Wer ist da nun gemäßigter oder rechter als der andere Flügel? Rechtspopulistisch sind sie im Bund oder im Land allesamt, ob sie Meuthen oder Petry, Gauland oder Höcke heißen. Lediglich in der Dosierung unterscheiden sie sich voneinander.

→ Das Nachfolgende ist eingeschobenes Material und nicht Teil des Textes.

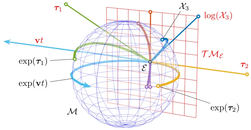 实数是一条直线,但SO(3)不是,它在ℝ³ˣ³里形成一个弯曲的流形。这个流形是连续的、可微的,你可以在上面定义距离。想在这个弯曲的表面上移动,就得沿着切线方向走,这就引出了切空间的概念。
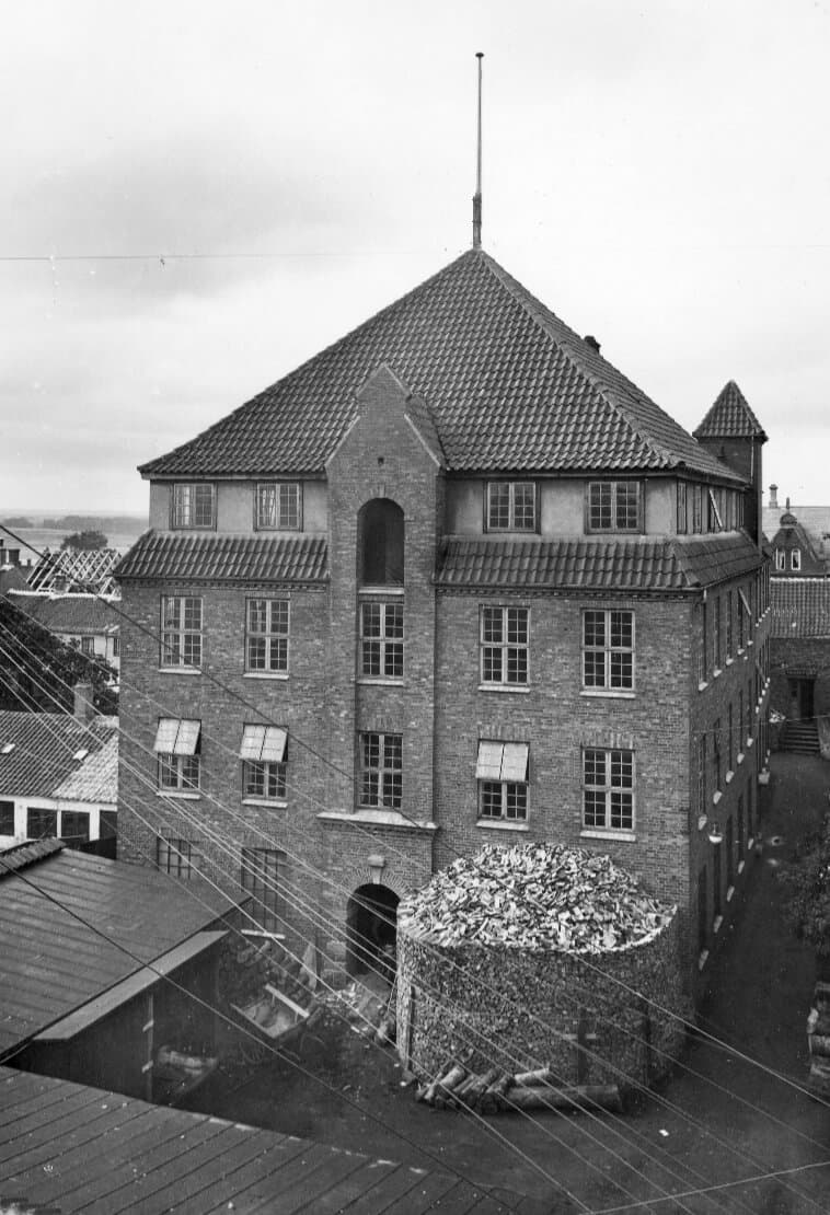 Pictured here is the new factory in Østergade around 1930. The waste wood from production was kept in front of the building to be sold as firewood. During World War II, the dried wood was used to kindle the generators on the local busses.
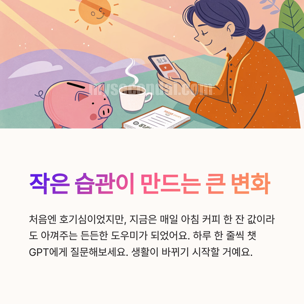 살면서 '작은 습관 하나가 이렇게 큰 차이를 만들 수 있을까?' 싶은 순간이 있죠. 저에게 챗GPT가 그랬습니다. 처음엔 호기심이었지만, 지금은 매일 아침 커피 한 잔 값이라도 아껴주는 든든한 도우미가 되었어요. 돈이 많고 적음의 문제가 아니라, 그걸 어떻게 아끼고 지혜롭게 쓰느냐의 문제라는 걸 이제야 깨달았달까요. 여러분도 오늘부터, 하루 한 줄씩 챗GPT에게 질문해보세요. 생활이 바뀌기 시작할 거예요.
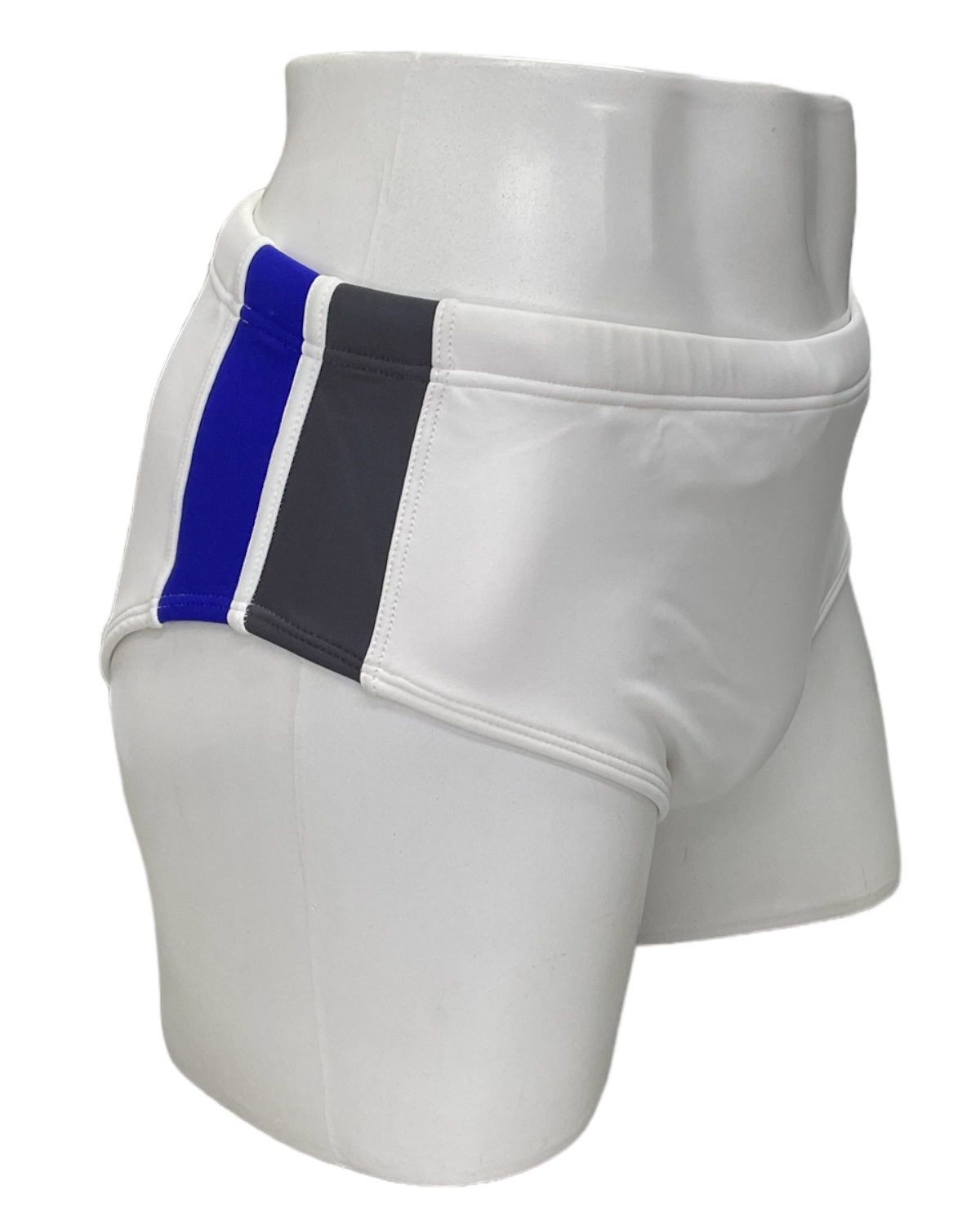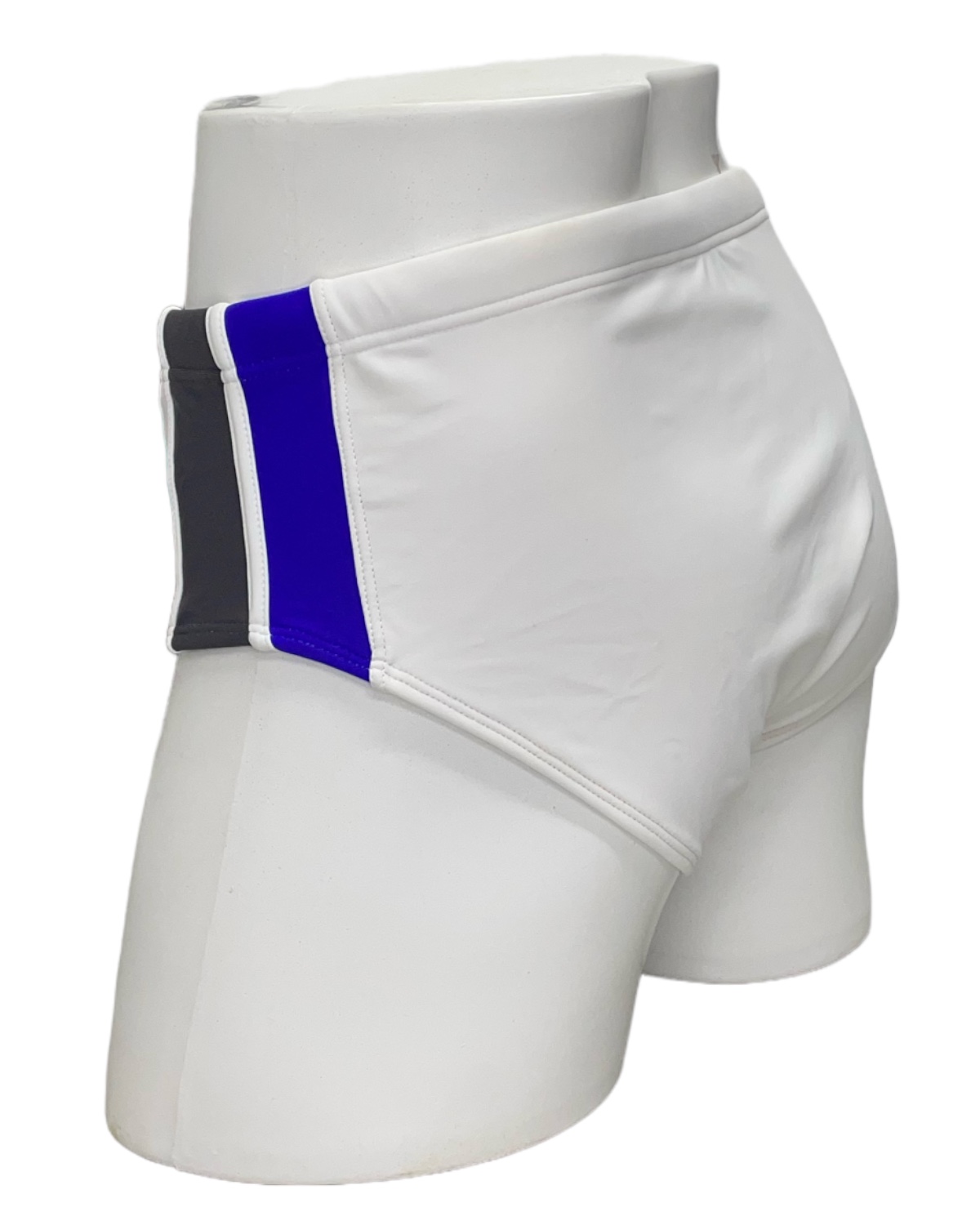 Sunga masculina lateral Estreita. Cor Branca com detalhe na lateral em cor cinza e Zafiro.
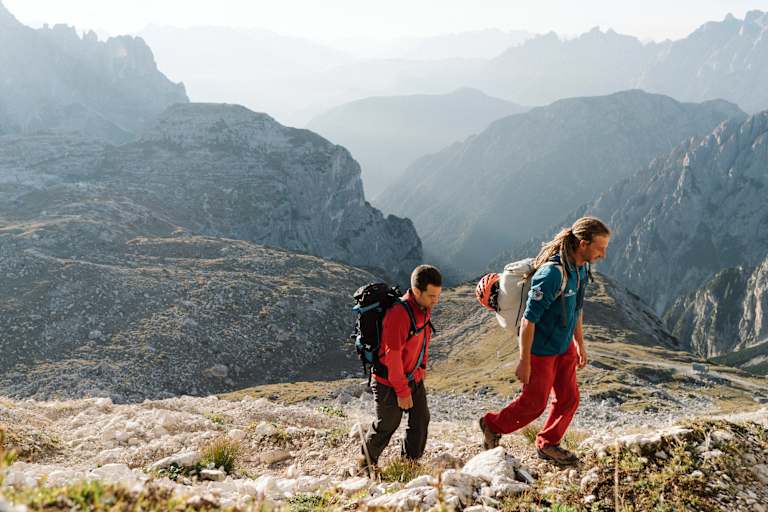 Der Wanderklassiker im Naturpark Drei Zinnen: Die Umrundung des weltberühmten Wahrzeichens der Dolomiten startet an der Auronzohütte (2.320 m), führt über den Paternsattel (2.454 m) zum Rienzursprung, direkt zur Langalm (2.235 m) und zurück zur Auronzohütte. Eines von vielen landschaftlichen Highlights sind die drei Zinnenseen, in denen sich die Nordwände der Drei Zinnen spiegeln.

Der Konflikt, der sich nun abspielt, ist zudem nicht ohne den menschlichen Faktor Sympathie und Antipathie zu begreifen. Meuthen, Gauland und Höcke (und andere in der Führung) teilen eine tiefe Abneigung gegen Petry und Pretzell. Sie halten das Paar für intrigant, für Solotänzer, für Selbstdarsteller - jenseits aller möglichen politischen Differenzen. Vor rund vier Wochen luden die drei AfD-Männer Meuthen, Gauland und Höcke eine Gruppe von Journalisten - darunter auch den Autor dieser Zeilen - zu einem Hintergrundgespräch in ein Café in Berlin ein. Was an diesem Sommerabend über Petry gesprochen wurde, darf bis heute nicht zitiert werden. Klar war an diesem Abend jedenfalls: Zwischen diesem Trio und dem Duo Petry und Pretzell wird es keinen Frieden mehr geben.

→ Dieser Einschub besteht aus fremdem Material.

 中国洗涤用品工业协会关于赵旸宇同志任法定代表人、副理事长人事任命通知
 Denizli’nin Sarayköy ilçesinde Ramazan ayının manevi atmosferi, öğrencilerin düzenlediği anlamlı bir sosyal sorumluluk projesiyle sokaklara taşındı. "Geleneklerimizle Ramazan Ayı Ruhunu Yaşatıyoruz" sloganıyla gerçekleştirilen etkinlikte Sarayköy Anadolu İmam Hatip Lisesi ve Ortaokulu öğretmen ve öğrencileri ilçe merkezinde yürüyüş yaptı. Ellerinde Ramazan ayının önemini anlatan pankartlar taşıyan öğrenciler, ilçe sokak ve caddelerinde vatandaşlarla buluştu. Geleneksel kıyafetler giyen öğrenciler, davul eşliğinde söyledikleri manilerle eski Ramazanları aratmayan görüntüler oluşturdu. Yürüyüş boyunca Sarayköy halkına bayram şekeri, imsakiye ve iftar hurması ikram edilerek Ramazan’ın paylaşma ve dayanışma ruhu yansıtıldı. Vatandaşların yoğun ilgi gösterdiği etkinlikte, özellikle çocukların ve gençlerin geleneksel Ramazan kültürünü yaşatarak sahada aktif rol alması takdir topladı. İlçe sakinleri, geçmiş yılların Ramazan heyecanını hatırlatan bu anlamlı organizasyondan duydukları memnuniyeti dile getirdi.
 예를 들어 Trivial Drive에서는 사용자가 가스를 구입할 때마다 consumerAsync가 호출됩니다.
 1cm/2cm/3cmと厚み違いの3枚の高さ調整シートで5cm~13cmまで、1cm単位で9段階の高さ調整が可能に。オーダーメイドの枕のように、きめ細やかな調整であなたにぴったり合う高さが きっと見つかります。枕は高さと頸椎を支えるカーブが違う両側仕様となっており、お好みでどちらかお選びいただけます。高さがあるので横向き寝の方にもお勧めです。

Was folgt nun? In den vergangenen Wochen ging es Meuthen, Gauland, Höcke (und anderen führenden AfD-Mitgliedern) hinter den Kulissen darum, Petry als Spitzenkandidatin im Bundestagswahlkampf zu verhindern. Nun aber, nach dem Bruch von Stuttgart, liegt offen zu Tage, worum es sich eigentlich dreht: um eine AfD mit oder ohne Petry (und Pretzell) an der Spitze. Meuthen und die anderen werden sich irgendwann entscheiden müssen, ob sie die Co-Chefin stürzen wollen. Kampflos wird Petry nicht aufgeben.